*THE TASK*. Take the lines below from the one with "Step onto our" through the one with "The Bad. The" and retype them exactly. Include nothing else, and no pictures.

-- PROVIDED DATA follows --

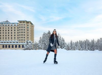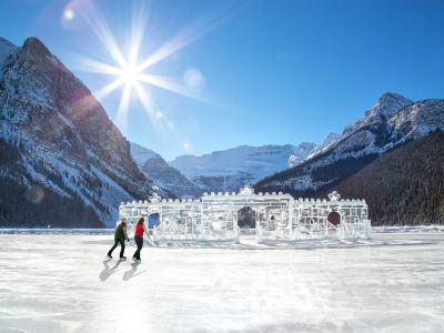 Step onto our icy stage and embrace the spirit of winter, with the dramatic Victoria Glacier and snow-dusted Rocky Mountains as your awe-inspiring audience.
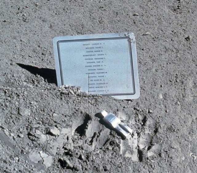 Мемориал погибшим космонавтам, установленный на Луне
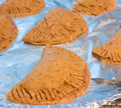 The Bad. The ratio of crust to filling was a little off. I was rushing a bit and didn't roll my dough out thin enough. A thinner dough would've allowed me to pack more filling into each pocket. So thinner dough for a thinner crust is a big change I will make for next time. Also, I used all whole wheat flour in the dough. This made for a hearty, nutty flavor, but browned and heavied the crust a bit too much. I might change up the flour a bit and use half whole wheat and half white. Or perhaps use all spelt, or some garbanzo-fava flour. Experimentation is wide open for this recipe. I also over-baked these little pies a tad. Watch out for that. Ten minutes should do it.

-- PROVIDED DATA concluded --
-- PROVIDED DATA follows --

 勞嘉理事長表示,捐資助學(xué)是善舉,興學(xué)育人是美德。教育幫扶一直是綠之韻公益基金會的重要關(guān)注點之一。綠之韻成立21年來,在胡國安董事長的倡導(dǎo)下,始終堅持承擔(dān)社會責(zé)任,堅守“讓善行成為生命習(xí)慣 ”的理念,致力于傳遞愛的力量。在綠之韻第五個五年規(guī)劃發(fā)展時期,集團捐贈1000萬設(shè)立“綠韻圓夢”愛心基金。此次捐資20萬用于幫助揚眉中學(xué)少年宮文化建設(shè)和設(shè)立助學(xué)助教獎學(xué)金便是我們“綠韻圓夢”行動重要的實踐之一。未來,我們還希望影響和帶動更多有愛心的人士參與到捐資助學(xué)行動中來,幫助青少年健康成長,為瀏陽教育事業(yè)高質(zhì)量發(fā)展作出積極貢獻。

-- PROVIDED DATA concluded --
-- PROVIDED DATA follows --

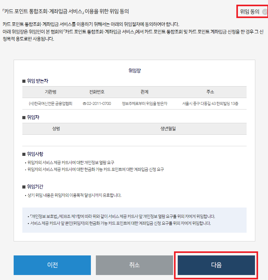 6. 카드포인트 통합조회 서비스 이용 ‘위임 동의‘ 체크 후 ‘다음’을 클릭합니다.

-- PROVIDED DATA concluded --

*RESULT OF THIS TASK*.
 Step onto our icy stage and embrace the spirit of winter, with the dramatic Victoria Glacier and snow-dusted Rocky Mountains as your awe-inspiring audience.
 Мемориал погибшим космонавтам, установленный на Луне
 The Bad. The ratio of crust to filling was a little off. I was rushing a bit and didn't roll my dough out thin enough. A thinner dough would've allowed me to pack more filling into each pocket. So thinner dough for a thinner crust is a big change I will make for next time. Also, I used all whole wheat flour in the dough. This made for a hearty, nutty flavor, but browned and heavied the crust a bit too much. I might change up the flour a bit and use half whole wheat and half white. Or perhaps use all spelt, or some garbanzo-fava flour. Experimentation is wide open for this recipe. I also over-baked these little pies a tad. Watch out for that. Ten minutes should do it.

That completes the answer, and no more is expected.